Allan Taylor (born 28 November 1984) is an English professional snooker player, who comes from Basildon, Essex but resides in Southend. He used to work at a police station in Birkenhead, supporting the police force by studying CCTV footage.

Taylor turned professional in 2013 after being the sixth highest ranked amateur on the PTC Order of Merit, winning a tour card for the 2013–14 and 2014–15 seasons. He then remained on tour until 2019, however upon finishing outside the top 64 he lost his tour card and was unable to re-qualify for the tour through Q School.
He practices and prepares in St Mary's Mens Club.

Career

Debut season
Taylor won just two matches during the 2013–14 season to end his first season on tour ranked world number 123.

2014/2015 season
Taylor lost 6–2 to Anthony McGill in the first round of the UK Championship. A few weeks later he beat Michael Holt 4–3 to qualify for the Indian Open, where he was defeated 4–3 by Li Hang in the first round.
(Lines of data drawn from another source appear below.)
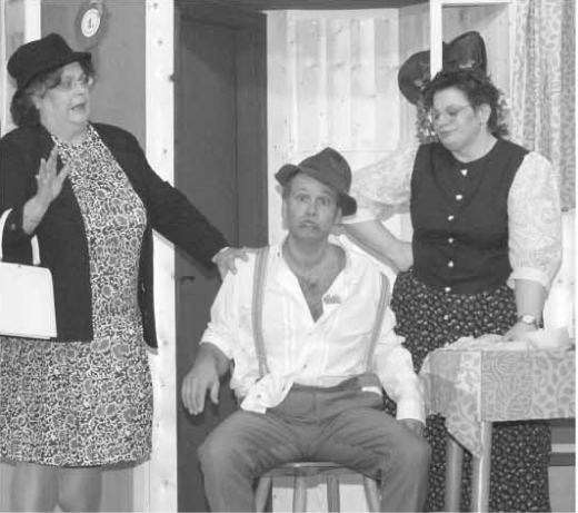 ruhigerTyp, doch als Jungbauer Wilhelm ging Wolfgang Haberstroh über vier Akte hinweg lautstark aus sich heraus. Musste er doch Kraft aus dem Steinkrug tanken um mit dem Frust fertig zu werden. In bewundernswerter Weise mimte er den selten Nüchtemen, aber ausdauernden Schürzeinjäger. Wahrlich nicht leicht hatte es da Ehefrau Frieda. Margit Dieterle musste zunächst als einzige “Normale”, alleine den Laden zusammenhalten. Unterstützung fand sie aber nicht bei ihrem Bruder Hannes. Hubert Sandner, in früheren Stücken meist mit weißen Handschuhen bewaffnet, den schützte die
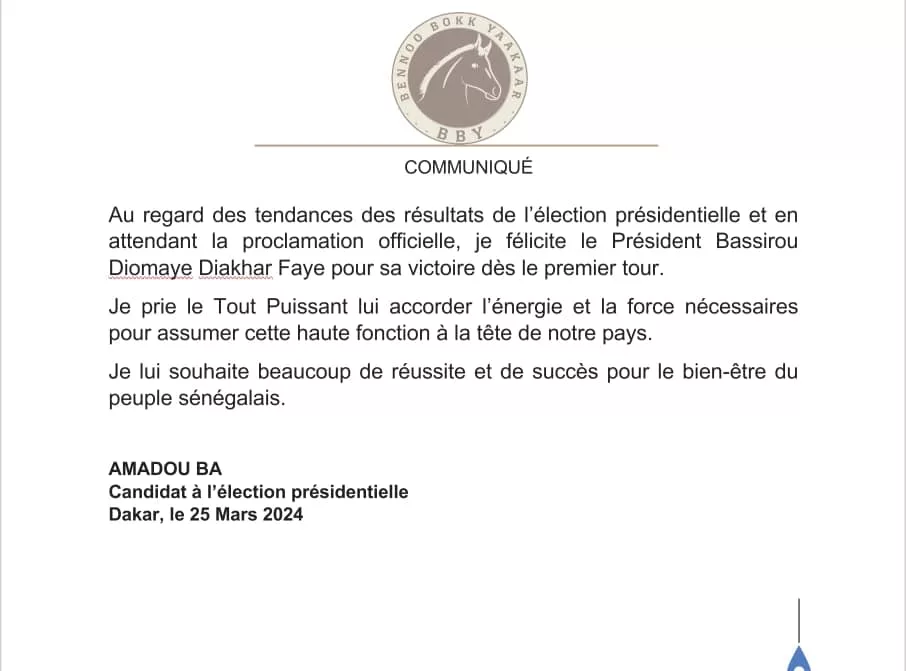 Le Premier ministre, Amadou Ba, candidat de la mouvance présidentielle, a concédé sa défaite et félicité le vainqueur.
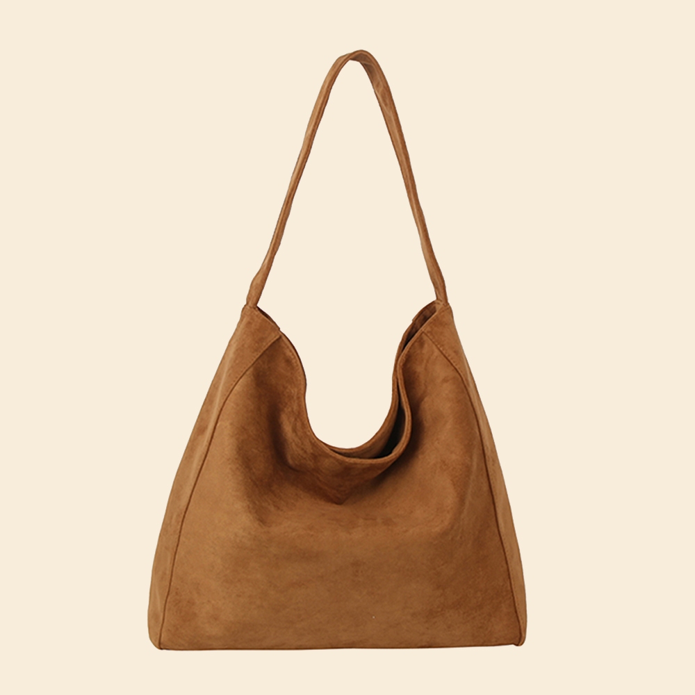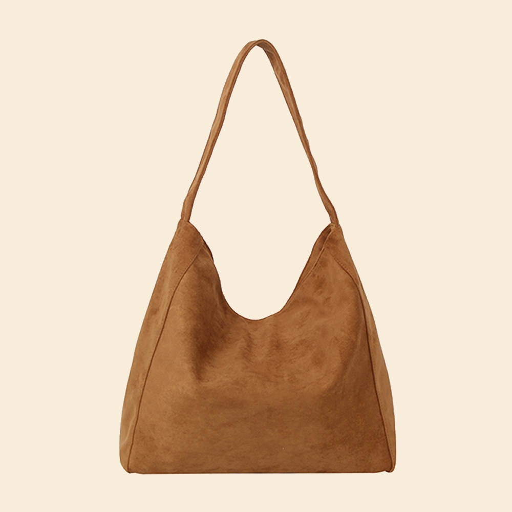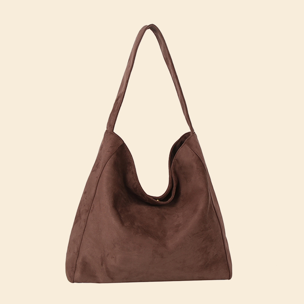 This shoulder bag is made with 100% Faux Suede.

At the end of the season Taylor was the world number 107 which would have seen him lose his place on the tour, however he finished 62nd on the European Order of Merit which earned him one of the eight two-year cards on offer for non-qualified players.

2015/2016 season
A 5–2 win over Simon Dent and successive last frame deciders against Stuart Carrington and Li Hang saw Taylor reach the final qualifying round for the 2015 Australian Goldfields Open in which he made a 132 break against Mark King, but lost 5–4. He could not win another match until February when, at the Welsh Open, he tasted victory at the venue stage of a ranking event for the first time in his career by defeating Oliver Lines 4–1. Taylor lost 4–2 to Anthony Hamilton in the second round.

2016/2017 season
Taylor qualified for the 2016 Riga Masters, World Open and Indian Open, but was knocked out in the first round of each. He lost in the second round of the Northern Ireland Open and Welsh Open 4–2 to Li Hang and 4–1 to Robin Hull respectively. At the Gibraltar Open, Taylor advanced to the last 32 of a ranking event for the first time with wins over Saqib Nasir and Elliot Slessor. He moved 3–2 ahead of Shaun Murphy, but would be defeated 4–3. Taylor needed to come through Q School to remain on tour as he lost his spot at the end of the season, due to his world ranking of 86. In the last 16 of the first event he needed a snooker when 3–2 down to Daniel Ward. He got it when Ward went in-off and made a 96 in the deciding frame, before whitewashing Sean O'Sullivan 4–0 to earn a new two-year tour card.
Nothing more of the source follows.